Is Pat Norman a health care provider?

Schietinger

She was a psychotherapist who before the epidemic had been the coordinator of the health department's Office of Lesbian and Gay Health. She established the office, and she was there for eight or ten years. I don't know what the ambivalence was around that becoming the office that would coordinate the AIDS funding. Perhaps it was the "AIDS is not a gay disease" struggle. An Office of AIDS Activities that was separate from the Lesbian and Gay Health Office got established when there was funding coming through the health department.

Thoughts upon Leaving the Clinic, May 1983

Hughes

Well, Helen, it's really getting late. I think the place to wind up is with those notes you wrote to yourself as you were about to move on to Shanti in May 1983.

[tape interruption as Schietinger reviews notes]

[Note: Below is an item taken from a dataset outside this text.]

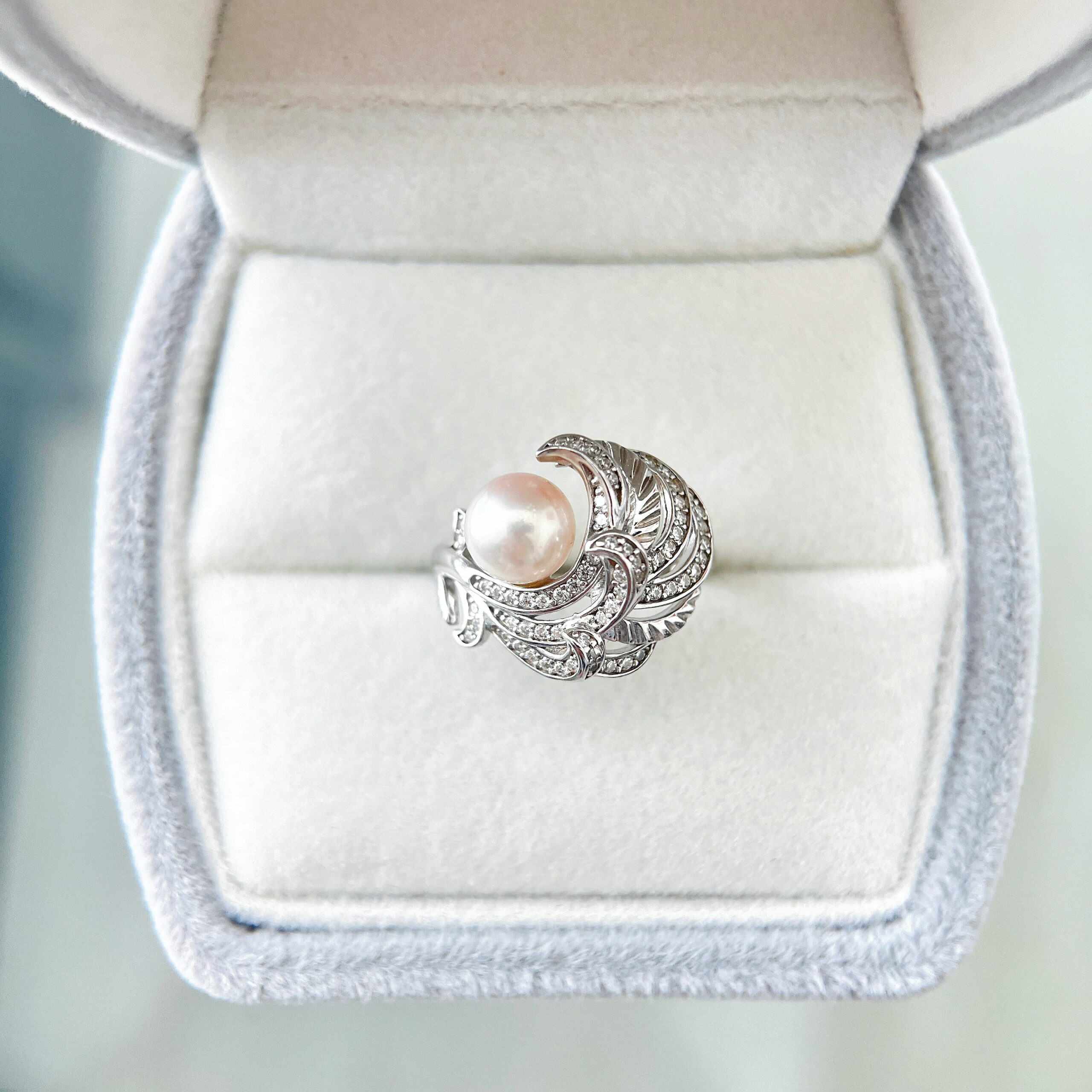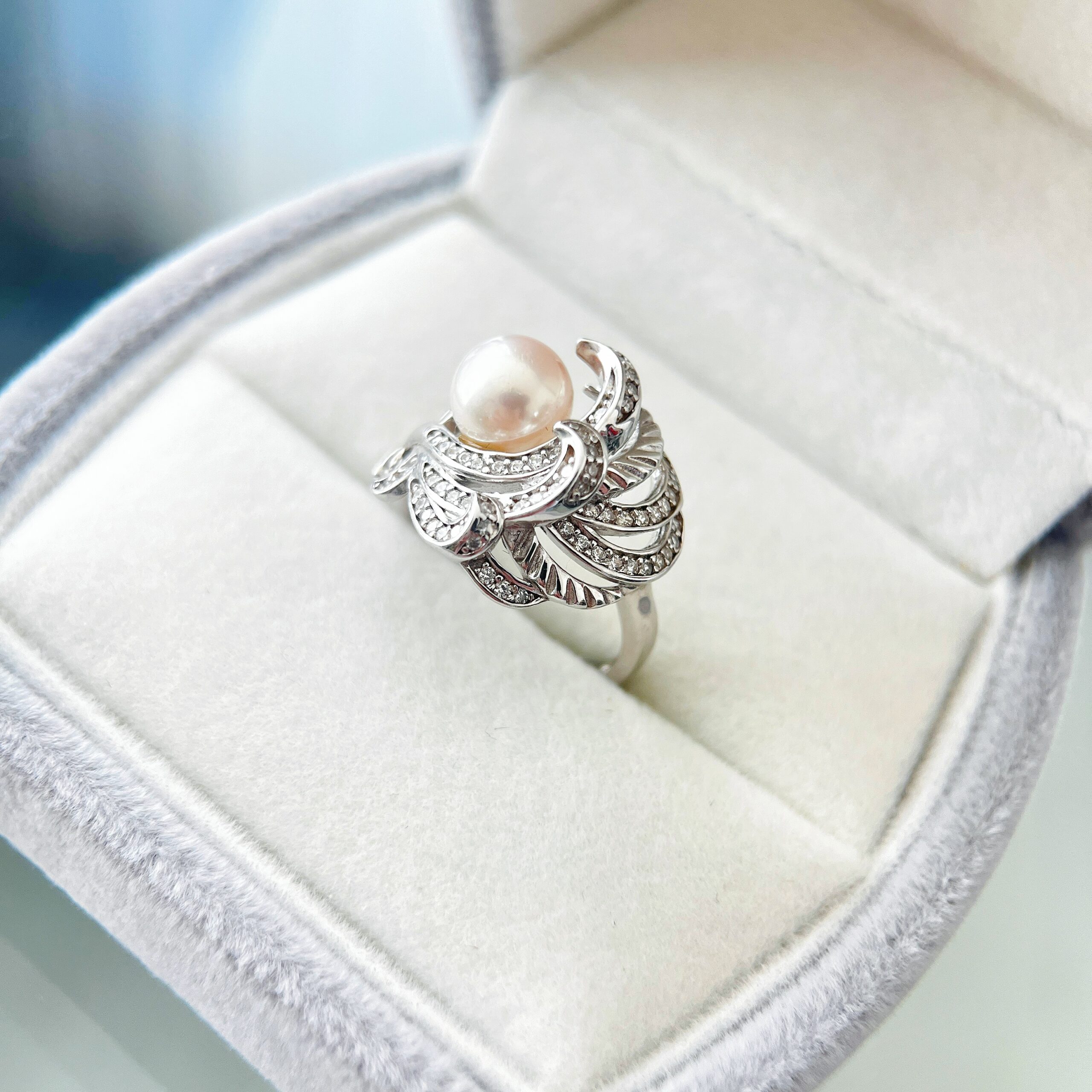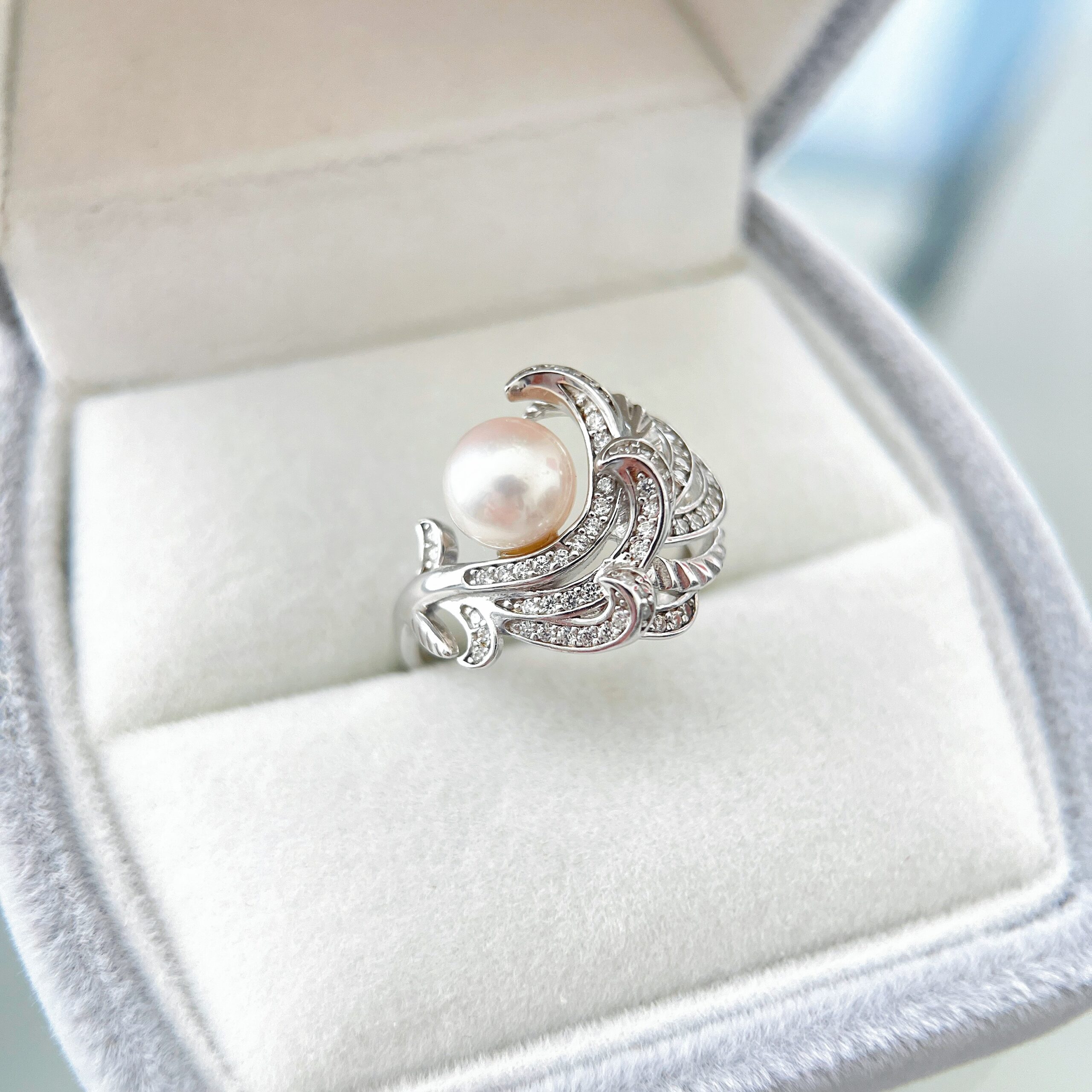 A refined statement piece inspired by blossoming petals touched by winter light. The Frosted Bloom Ring features a luminous 6–7mm freshwater pearl nestled within an ornate S925 silver floral setting, adorned with sparkling cubic zirconia for a soft, radiant shimmer.

How did you use these notes?

Schietinger

I haven't the foggiest idea. It could have been the basis of a talk. Often, this is the kind of thing that I would do for a presentation. Or it could have just been my attempts to look at the things I learned from this experience. [Studies notes] But this doesn't look like that sort of thing. It looks much more like an assessment that I was trying to do for some purpose.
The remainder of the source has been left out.